John Plevin, a Financial Sector Specialist working with the Crisis and Disaster Risk Finance global team at the World Bank said: “With the right partnerships you can develop insurance markets that allow households, that allow businesses, to become resilient financially to natural disasters.” He said while support and facilities are in place, Pacific Island governments need to articulate what they need. “Is it coverage for new risks from insurance, new products entirely, or is it just greater technical support and information,” he asked.

Daniel Lund, Special Advisor on Climate Change with the Ministry of Economy in Fiji said while Pacific countries have been setting up forms of national reserve funds to respond to disasters, “these reserve funds have had different challenges. In some cases, funds are set up, but they’re not necessarily topped up consistently, meaning that there’s not necessarily enough liquidity for national reserve funds to always be a legitimate way to respond to events.”

He stresses the need for disaster and climate risk finance to deliver social benefits and safety nets for the Pacific’s most vulnerable through, for example, micro-insurance, while “really capitalising on the agency of people to deliver and support themselves when disasters strike” by giving them a measure of control such as cash transfers.

Lund suggests a mix of micro-insurance and sovereign government-level insurance is the most strategic approach for Pacific nations. But he says the region should also be looking at questions such as what are the barriers to insurance, why can’t the Pacific access the right types of reinsurance, can we start looking at larger insurance pools across similar communities, and is it possible to start highlighting specific demographics that should have subsidised insurance?

In Samoa, Lilomaiava Samuel Ieremia the Assistant CEO Economic Policy and Planning at the Ministry of Finance, told the webinar participants that a Disaster Risk Financing Strategy is being developed which draws on the lessons of the measles epidemic and COVID-19 pandemic, such as the ability to relax procurement processes in times of great need. Lilomaiava says further work is needed to determine relevant insurance products with insurance companies nationally or regionally.

At a regional level, the Pacific Islands Private Sector Organisation (PIPSO) told the Forum Economic Ministers that insurance for asset protection and business interruption to the private sector in response to the climate crisis can be expensive and inaccessible. “As climatic event severity increases as forecast, we will face significant issues in the insurance sector, which may require Government intervention to resolve,” PIFON’s submission to the Ministers states.

Just before the pandemic and writing for the Center for Global Development, Vijaya Ramachandran and Junaid Sadiq Masood asked, “Are the Pacific Islands Insurable?” They raised the need for transparency about the cost of insurance contracts and related exposure to disasters, anticipate that donors would need to subsidise premium payments in the same way they currently subsidise payouts post disaster, and suggest consideration be given to “linking premiums to the degree of resilience preparedness.”

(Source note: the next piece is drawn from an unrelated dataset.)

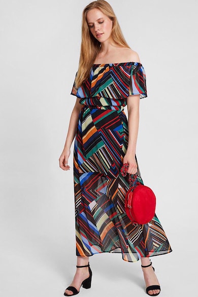 Rochie lunga cu terminatie semitransparenta si decolteu pe umeri

Finally, they believe an overarching body, such as the Pacific Islands Forum, should “keep track of overall levels of indebtedness and encourage all actors to minimize duplication and administrative costs.”

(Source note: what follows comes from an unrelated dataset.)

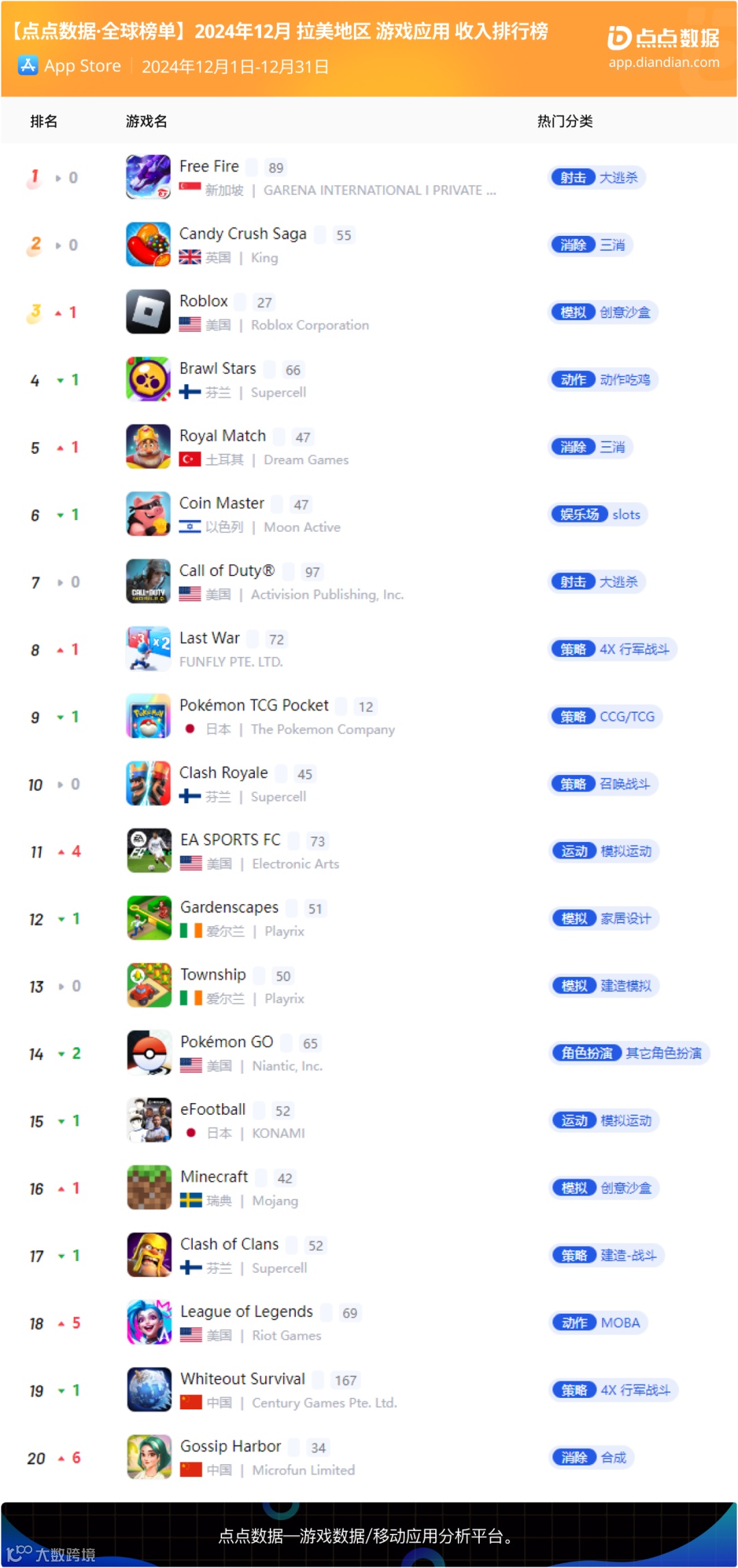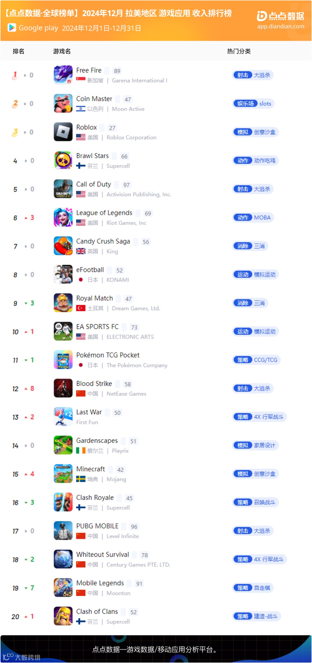 12月拉美地区手游收入榜Top20

“There may be political economy considerations for both PICs and donors to go the private insurance route (rather than the direct payout route) but these need to be explicit and carefully costed. This is especially the case if public funds are being directed to private companies and/or used to subsidise private insurers or their clients,” they write.

Managing the level of indebtedness, when COVID-19 has exacerbated concerns over the debt burden, remains one of the biggest issues in planning for climate finance, and insurance responses for our governments, and the longer the coronavirus crisis continues, the more intractable those challenges will become.